Please restate each line of the data below exactly. Omit all images.

• _RAW DATA_:
• • •

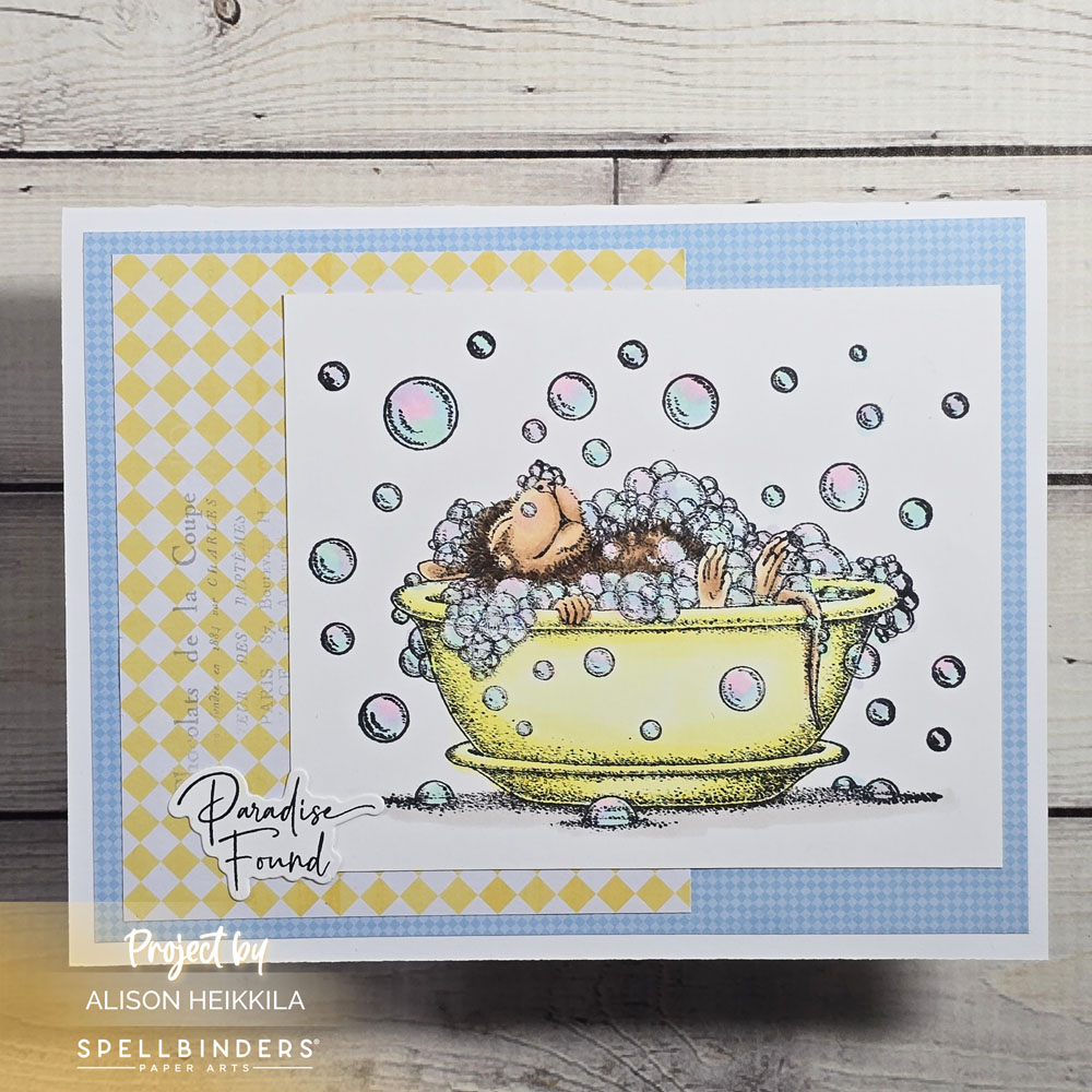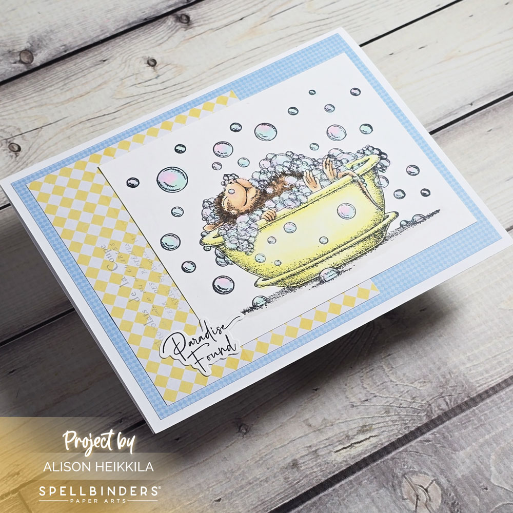 Hello! Today I’m sharing a card using the brand new collection from House Mouse Stamps available from Spellbinders, called Party Parade. I used the Spa Day Stamp Set for my card today, and I got to use some patterned paper from the previously released 6×6 Paper Pad from Spellbinders and Rosie’s Studio, called Breakfast in Bed.
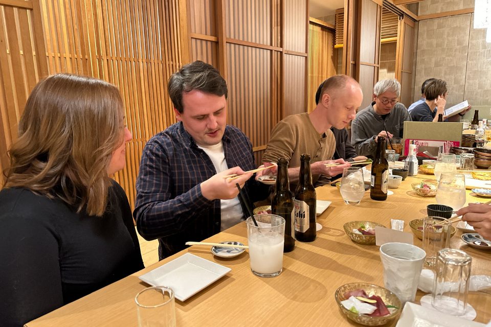 日本の忘年会文化や、初めて食べるお刺身、茶碗蒸しなど料理の話題で盛り上がりました。
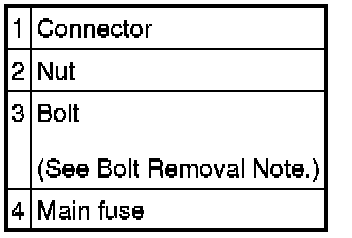1. Press the tabs in the direction indicated by the arrows, lift the main fuse block, and then remove the bolt.
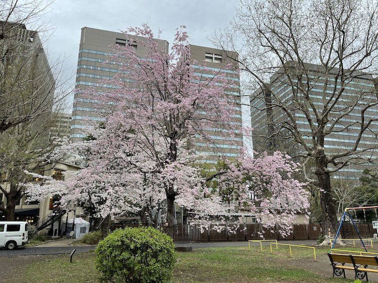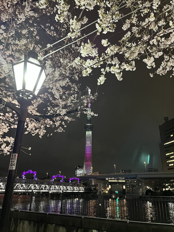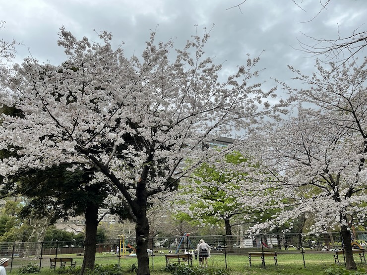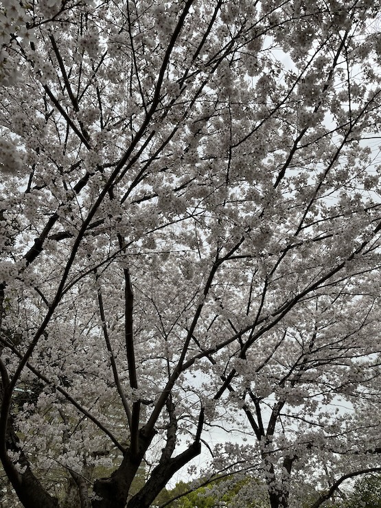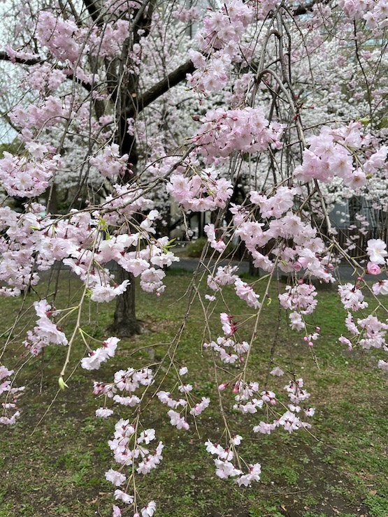 ときおり雨が降る中、昼・夜と二箇所(日比谷公園、隅田公園)をお花見ウォーキング。夜はウォーキング後に宴会に突入。

• • •

• _OUTPUT FOR THIS EXERCISE_:
 Hello! Today I’m sharing a card using the brand new collection from House Mouse Stamps available from Spellbinders, called Party Parade. I used the Spa Day Stamp Set for my card today, and I got to use some patterned paper from the previously released 6×6 Paper Pad from Spellbinders and Rosie’s Studio, called Breakfast in Bed.
 日本の忘年会文化や、初めて食べるお刺身、茶碗蒸しなど料理の話題で盛り上がりました。
1. Press the tabs in the direction indicated by the arrows, lift the main fuse block, and then remove the bolt.
 ときおり雨が降る中、昼・夜と二箇所(日比谷公園、隅田公園)をお花見ウォーキング。夜はウォーキング後に宴会に突入。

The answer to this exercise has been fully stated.